Taehyung menelfonnya pada jam sepuluh malam. Ia tetap mengangkat panggilan tersebut, meski ia tengah sibuk-sibuknya mengejar deadline. Hanya mendengar isakan Taehyung dari seberang sana saja sudah cukup untuk membuatnya menyambar jaketnya yang terkulai di lantai sambil mengutarakan sebuah 'aku kesana'.

And now here they are, duduk di lantai koridor apartemen Taehyung, pas di depan pintu masuk kamar apartemen yang dulu pernah mereka tinggali bersama.)

Yoongi menatap buket bunga yang terkulai di sebelah Taehyung.
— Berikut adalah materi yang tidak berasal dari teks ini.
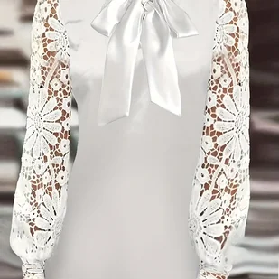 TEMU Kontrastowa koronkowa bluzka z wiązaniem pod szyją, elegancka bluzka z długim rękawem na wiosnę i jesień, odzież damska
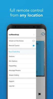 Stream the latest music into your business with Pandora CloudCover. Play and control clean, PRO licensed music in your retail store, restaurant, office or anyplace there is a public audience. With Pandora CloudCover, you are legally covered! This app gives full remote control for music and messages from anywhere. Easily change stations, stream, pause and remove songs that you don't like. Create your custom mix stations and automate day and time transitions from your online account.
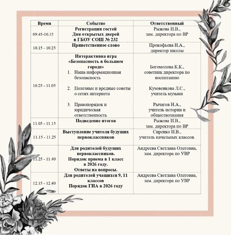 Гостей ждут: интерактивная игра «Безопасность в большом городе», выступление учителя будущих первоклассников, консультации по приёму в 1 класс и по порядку проведения ГИА-2026, а также ответы на все вопросы родителей.
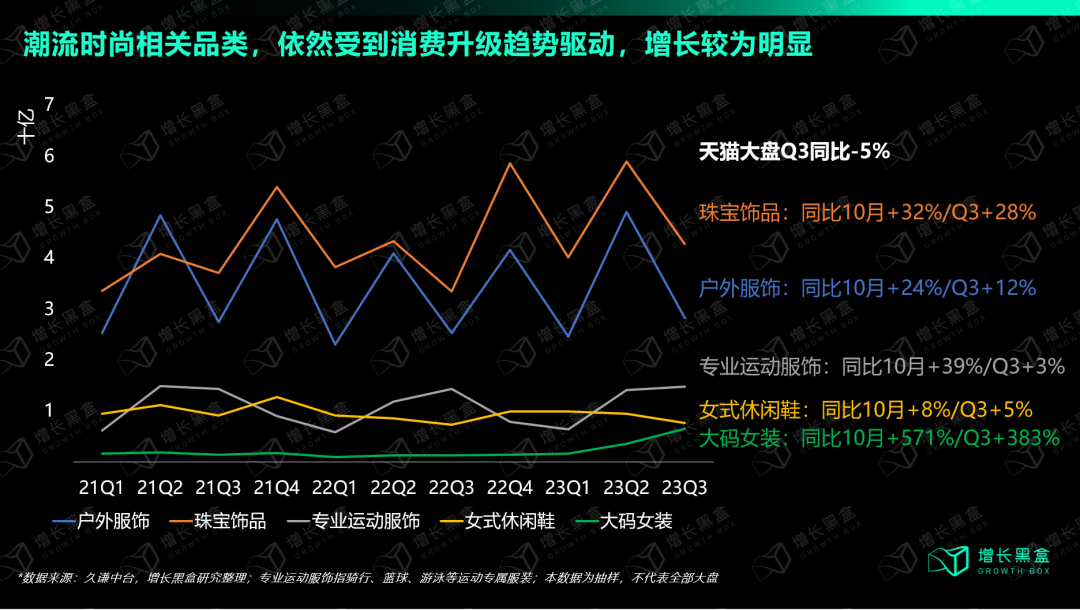 然而,当我们把数据进一步细拆,发现有些类目依然存在着“逆势增长”的亮点:以电商主阵地天猫来看,潮流时尚相关品类长期表现超过了大盘平均,不少品牌在今年都取得了理想成绩。另外,从抖音电商top20细分类目来看,翡翠珠宝、户外服装、套装等相关品类也有着较为明显的增长。

Orange blossoms, kesukaan Taehyung. Dalam hati, Yoongi bertanya-tanya mengapa Taehyung masih menyukai bunga itu sampai sekarang.

Di sampingnya, Taehyung terisak. "Jangan sebut Bogum-hyung seorang keparat," bisiknya parau.

"Dia membuatmu menangis," jawab Yoongi sederhana, seakan-akan hal tersebut saja merupakan alasan yang cukup untuk mencap seseorang sebagai "orang jahat" yang tak pantas di matanya.

Taehyung menggeleng. "Aku yang membuat diriku menangis. Dia tidak salah apa-apa."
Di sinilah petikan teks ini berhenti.